AFL Round 21: Walk across half-back upholds the Magpie name

There have been many great football monikers down through the years, from the Flying Doormat to Plugger and the Galloping Gasometer. My favourite football name is fictional. It was the thinly veiled title given to the suburb of Collingwood by the writer Frank Hardy in his novel Pride Without Glory . . . Carringbush.

There’s something about this name that harkens back to when Squizzy Taylor and John Wren ruled the cobbled streets of Magpie Land. This name carries power, for the 1920s were the only era when Collingwood were truly dominant. They won four Premierships in a row. Despite the Depression and lack of technology I would have given anything to have been alive during the ’20s; to have marvelled at names like Coventry and Collier.

The times since have not always been kind to the Pies and their supporters. In the hapless 1970s a new name was struck by one of our own, the Colliwobbles. How we would love to rid ourselves of this tag that hangs around our collective necks like an albatross.

This game against Sydney forms a small piece in a giant redemptive puzzle for the Collingwood Football Club. The Swans have been playing well in recent weeks, having narrow losses against competition leaders St Kilda and Geelong. Parking around the ground is terrible so Chris and I start the long trek from the borders of Carringbush. The high rises are not far away. We have three kids in tow. It is like Mao’s long march. When we reach the ground we rush for refreshments.

In the first quarter the game is a scrap. The wind is howling from the west and this affects the skill level. Passes are missed from less than twenty metres away. It is unlikely that this game will feature on many highlights packages. As the game begins Paul Medhurst and Jack Anthony both present well for the Pies. By quarter-time we lead by just eleven points with the benefit of the breeze. This does not augur well.

The second quarter is more of the same. What is impressive about Collingwood is the wall that they seem to be building across half-back. Nick Maxwell, Heath Shaw and the Big H all dominate. They have each enjoyed excellent seasons. Adam Goodes is easily the best player on the ground. He looks like a heavyweight amongst a bunch of middleweights. He may as well have CHAMP written across his back and be done with it. In many ways his performance reminds me of Nathan Buckley as he gathers kicks from every part of the ground. By half-time the Collingwood lead has been whittled to nine points, but considering the breeze this is a good effort.

The third quarter begins with Rhyce Shaw being called a few choice names by the people around us . . . this tendency to dislike someone as soon as they change stripes is a bit disappointing.

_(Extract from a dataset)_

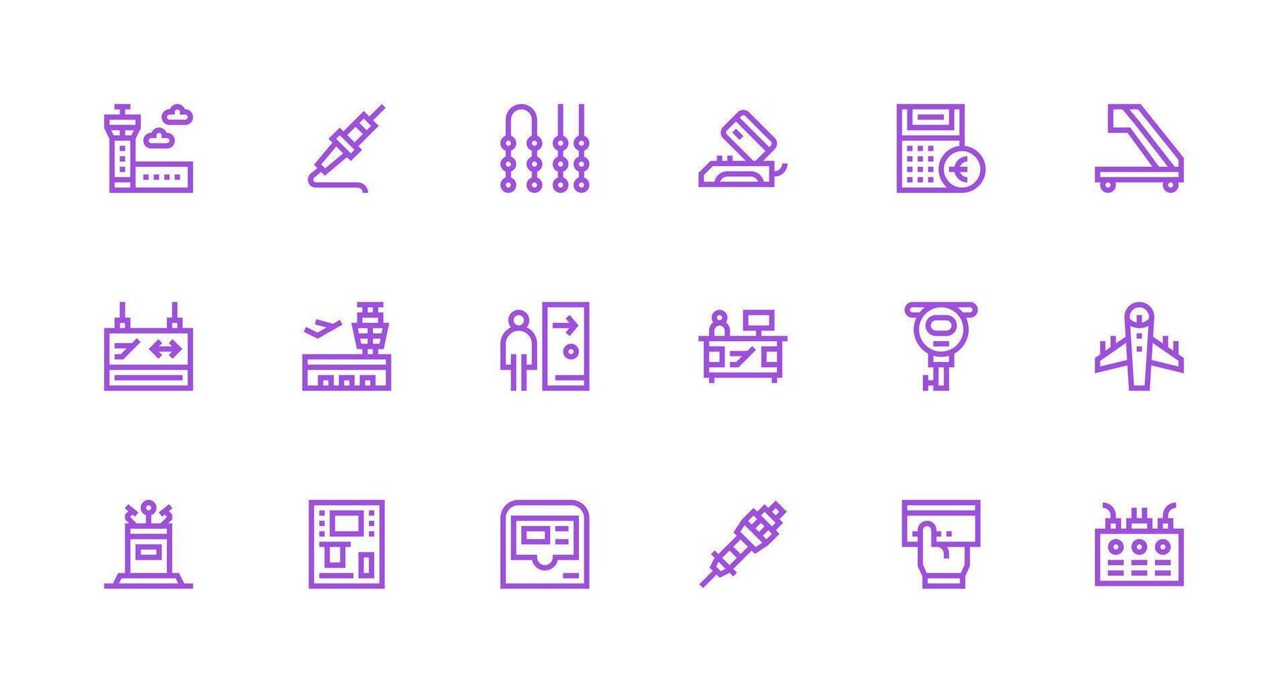 18 fuerte carrera línea estilo íconos desde terminal colección web y aplicación icono paquete colección vector

I found it hard to boo Chris Tarrant (but still managed to in a moment that I regret to this day). After all, guys like Rhyce and Taz have given us years of service. As the quarter progresses the Pies use the breeze well and charge to a thirty-point lead at three-quarter time. Jack Anthony plays well but for some reason our forward line still seems to lack structure or fluency. It is the Berlin Wall across the backline that makes all the difference.

In the last quarter the CHAMP from Sydney kicks a goal from sixty out on the run. He is a monty for the Brownlow this year. His best is simply better than anyone else in the competition. Like Buddy Franklin he treats the ground as if it is a stage. Dancing Harry O’Brien finishes the game well for the Pies with several dashes through the middle. In the end the Pies win by 41 points, which is a good result on a blustery day.

After the match we walk back through the empty streets of Carringbush. The factories and recycled lofts and apartments are all around us. I dream of the days of Coventry and Collier and wonder if in a few weeks’ time names like Didak, Davis and Maxwell might be just as immortal.

David Enticott is the Pastor of the Rosanna Baptist Church with September on his mind.